The Courier Synopsis: The true story of British businessman Greville Wynne (Benedict Cumberbatch), who was unwittingly recruited into one of the greatest international conflicts in history. Forming an unlikely partnership with Soviet officer Oleg Penkovsky(Merab Ninidze), the two men work together to provide the crucial intelligence used to defuse the Cuban Missile Crisis.
Arriving into theaters long after its 2020 Sundance debut (originally titled Ironbark, the film was one of many affected by COVID-19), Dominic Cooke’s latest The Courier displays a shameless adoration for old-school, cloak-and-dagger espionage features. While somewhat mannered in its final form, Cooke’s nonpartisan exploration of a historical footnote delivers within its subdued frequency.
Cooke and screenwriter Tom O’Conner parse through stuffy historical conventions to find a genuine camaraderie at the film’s center. Rather than forcing a truncated recap down audiences’ throats, the two wisely zero their focus towards the shared sacrifices partaken by Greville and Oleg. The kinship between the two radiates throughout the runtime, with both wrestling with their world-saving duties while somehow trying to keep their enigmatic lives afloat (their duplicitous existence forces them to lie to their loved ones). O’Conner’s screenplay thoughtfully distributes dimensions to both figures, ignoring overly-politicized trappings to convey the humanity behind their sacrifices.
The material’s poignant center allows both stars to show off their capabilities. Benedict Cumberbatch has certainly had more publicized performances, but the British stalwart offers some of his finest work to date as the reluctant Greville. Cumberbatch unleashes Greville’s sharp comedic tongue with bubbly charm while still keeping the figure’s internal strifes as the central focus. His partner-in-crime Merab Ninidze is easily the film’s breakout story as Oleg. After a career as an overlooked background player, Ninidze’s subdued disclosures of Oleg’s mounting circumstances strike a powerful chord. Both actors also share palpable chemistry within their mirrored roles, often relaying the character’s caring sentiments without much in terms of dialogue.

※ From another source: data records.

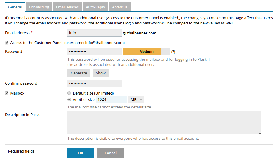 Mailbox: กำหนดขนาดพื้นที่ความจุของอีเมล์
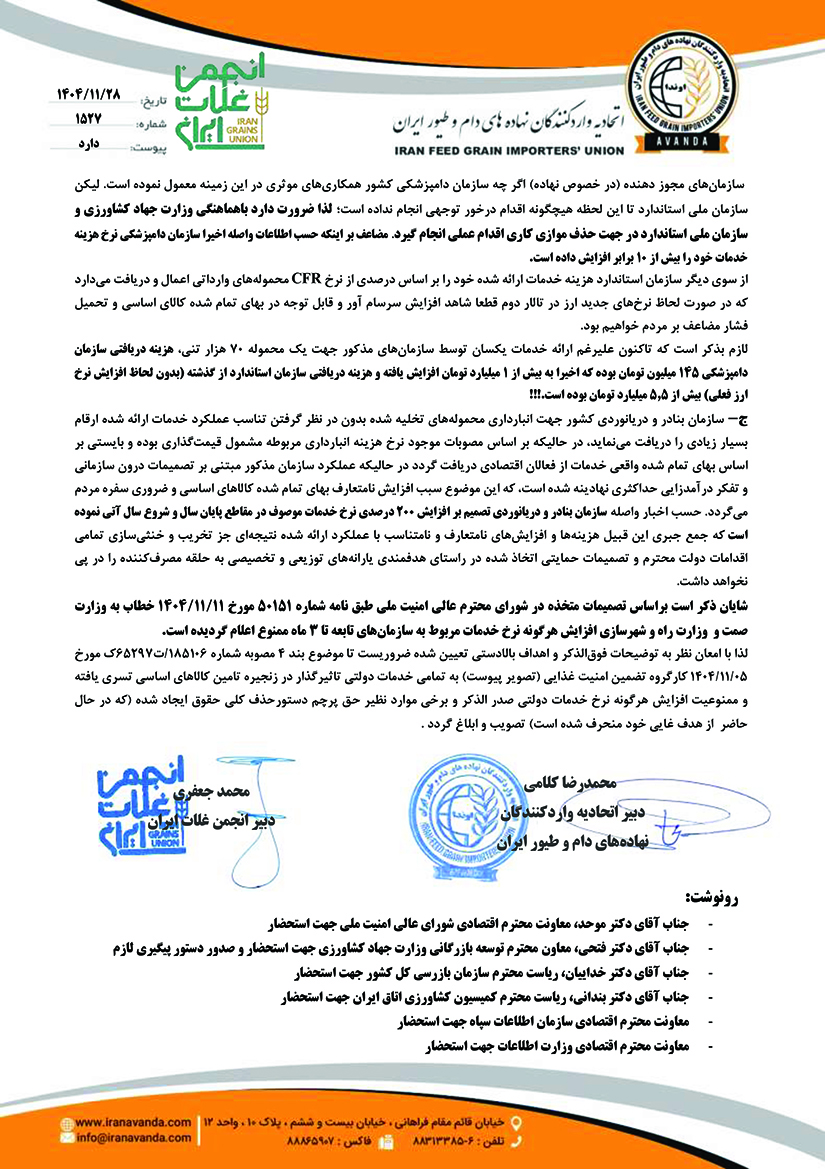به گزارش روابط عمومی انجمن غلات ایران در نامه‌ای خطاب به مهندس حسن‌زاده، رئیس اتاق ایران که به امضای محمدجعفری، دبیر انجمن غلات ایران و محمدرضا کلامی، دبیر اتحادیه واردکنندگان نهاده‌های دام و طیور ایران رسیده آمده است:
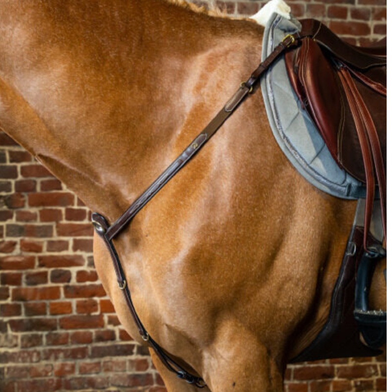 Horse BreastplateFeatures: Two additional dee rings for attaching draw or side reins 6 cm long elastic bands for comfort Snap hooks for attaching to the saddleHorse Breastplate Description:ThisHorse Breastplate is expertly crafted from subtly square-raised
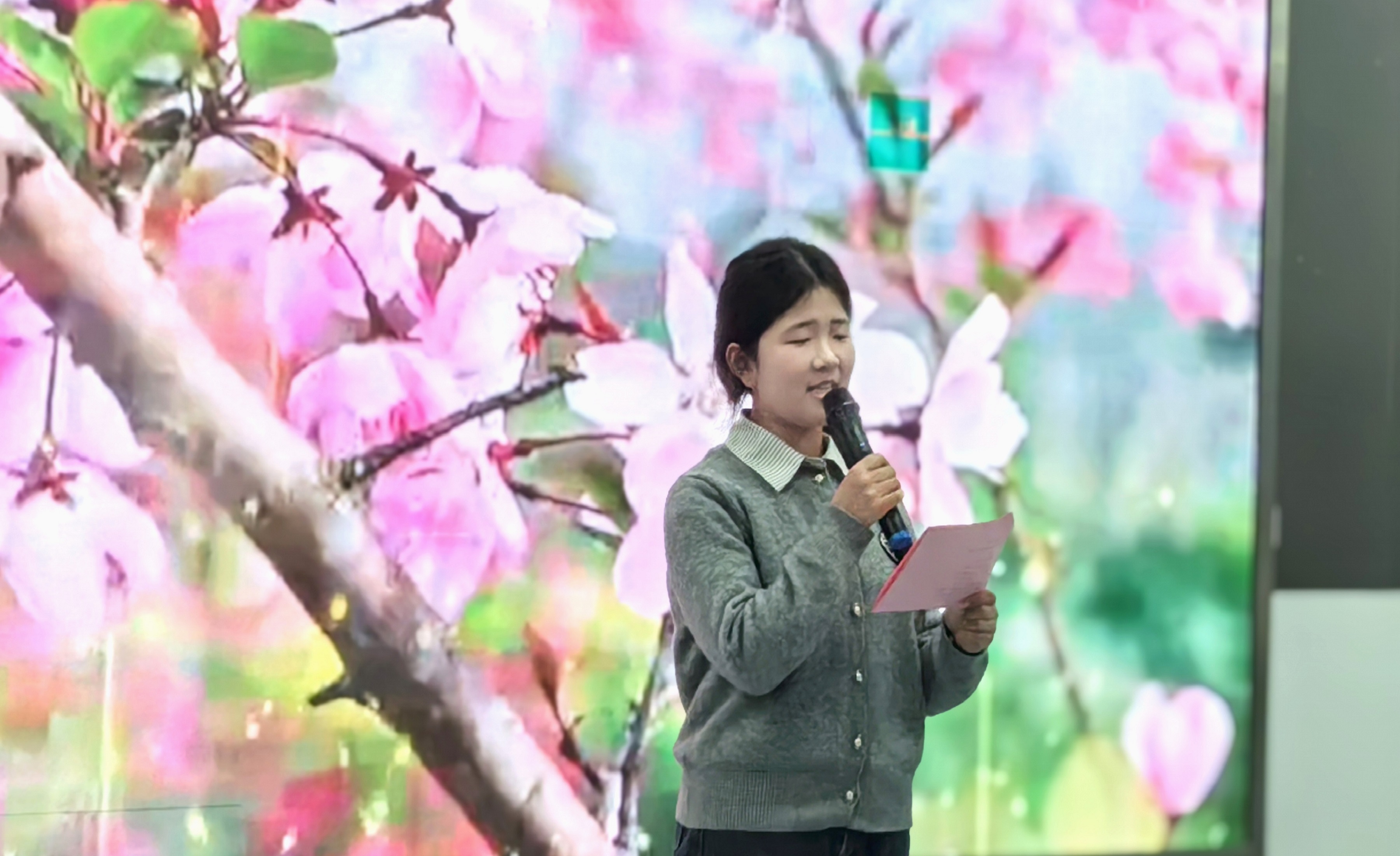 活动在深情朗诵中拉开帷幕,学生代表刘欢同学现场诵读《海棠花祭》 向日葵视频下载app,“春天到了,百花竞放,西花厅的海棠花又盛开了……”伴随着温婉而深情的诵读声,总理与邓颖超同志的革命情缘,家国情怀穿越时空,浸润在场每一位师生的心田。
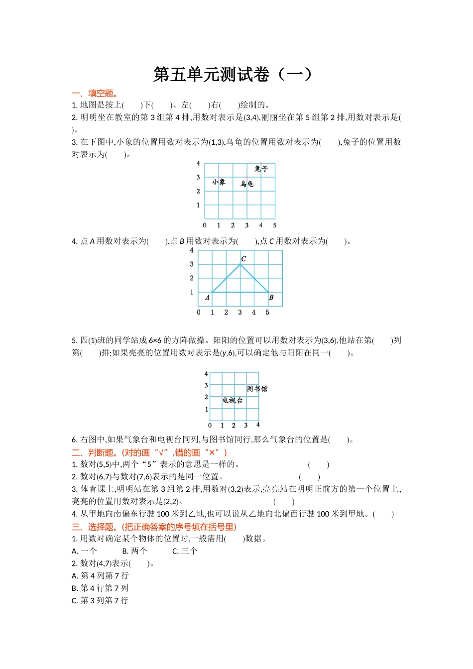 第五单元测试卷(一)一、填空题。1.地图是按上()下()、左()右()绘制的。2.明明坐在教室的第3组第4排,用数对表示是(3,4),丽丽坐在第5组第2排,用数对表示是()。3.在下图中,小象的位置用数对表示为(1,3),乌龟的位置...
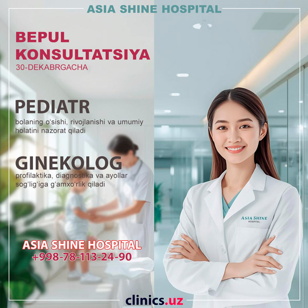 BEPUL KONSULTATSIYA tajribali PEDIATR va GINEKOLOG shifokorlardan ASIA SHINE HOSPITAL klinikasida
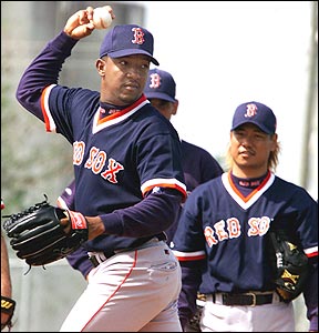 Red Sox pitcher Pedro Martinez works on his pickoff move. Korean pitcher Sang Lee can be seen watching behind him. (Globe Photo / Frank O'Brien)
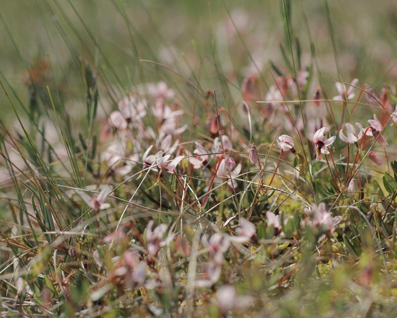 First and most easy searchable is Monilinia oxycocci, apothecia are arising from hidden inside of berries sclerotia just in early summer.
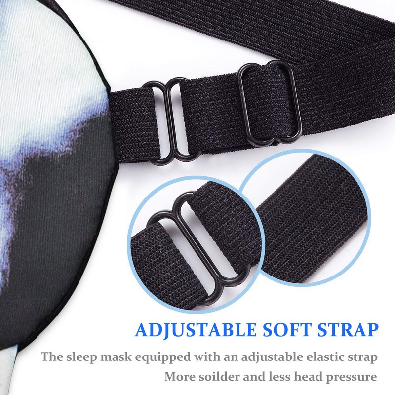 - Fully adjustable Eyeshade : Easy to adjust headband, Flexible and durable to surround your head comfortably, the strap is high elastic and easily will not catch your hair, not move or fall off while you're sleeping, one size fits most
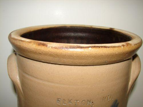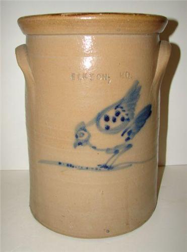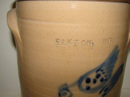 CONTEMPORARY MARYLAND STONEWARE CROCK. Eared handles. Cobalt blue bird decoration on body. Stamped above decoration "Elkton, MD." 11" H
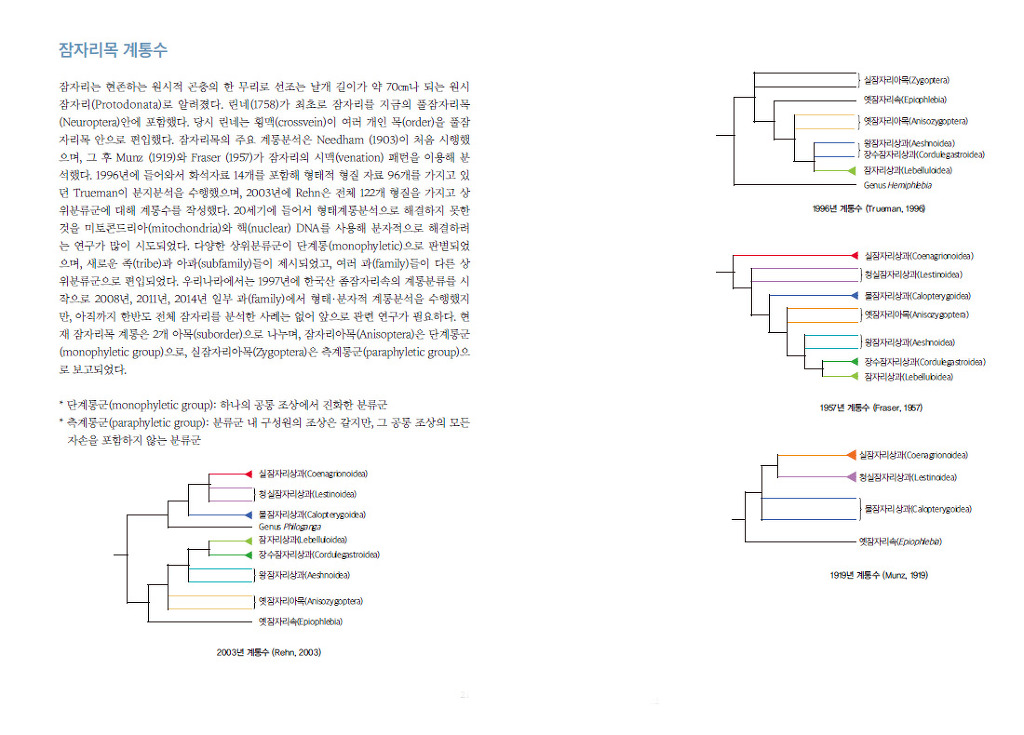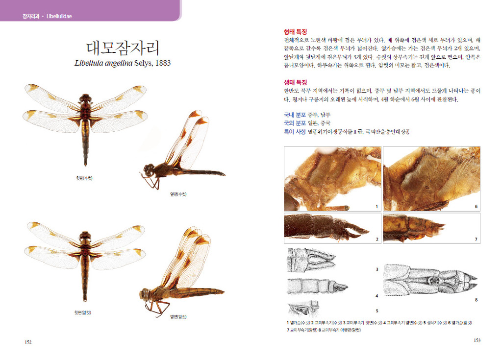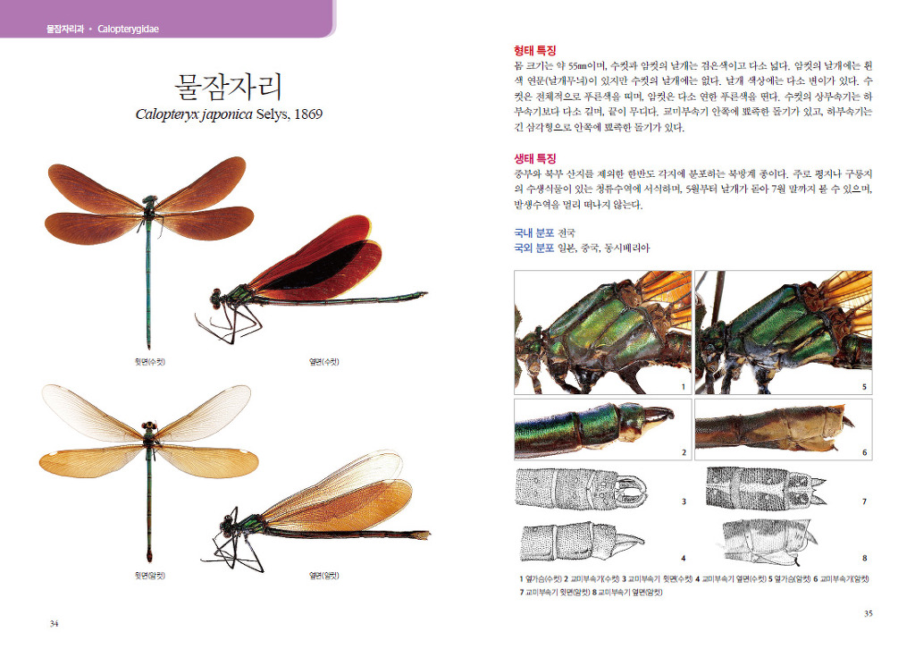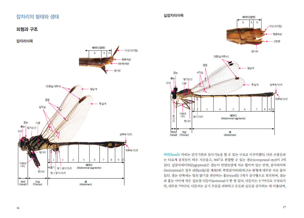 한반도에 서식하는 잠자리 11과 50속 97종을 실었고, 국내 유사종과 비교할 수 있도록 한반도와 생물지리학적으로 가까운 일본의 잠자리 9과 26속 29종을 함께 수록했다.

As the characters are trapped in a state of constant paranoia, Dominic Cooke’s exuberant direction finds visceral pulses to magnify their subconscious unease. Cooke packs a bevy of formal techniques (the score plays like a low-rent version of John Williams’ soaringly Spielbergian efforts), but he and cinematographer Sean Bobbitt subvert the traditionalist format with their own visual edge. The duo skillfully range between swift camera movements and intimately-framed reveals, baking a sense of distrust within every shadowy figure lurking around the corners.
The Courier works as a refreshing revival of the espionage genre, but I can’t ignore the deeper potentially left untapped. Cooke and O’Conner occasionally lose their narrative amidst their fixation on spinning an engaging yarn, leaving aside interesting thematic wrinkles in favor of straight-forward entertainment. I wish the duo were able to ruminate deeper with the character’s internal strifes, particularly within the ways patriotic obligations go deeper than a country’s care for an individual.
For what it attempts, The Courier delivers on its promises of refined crowd-pleasing fare. I am glad this title is getting a spotlight after spending a year on the shelf, and I hope it finds an agreeable audience during its theatrical run.
The Courier debuts in theaters on March 19th.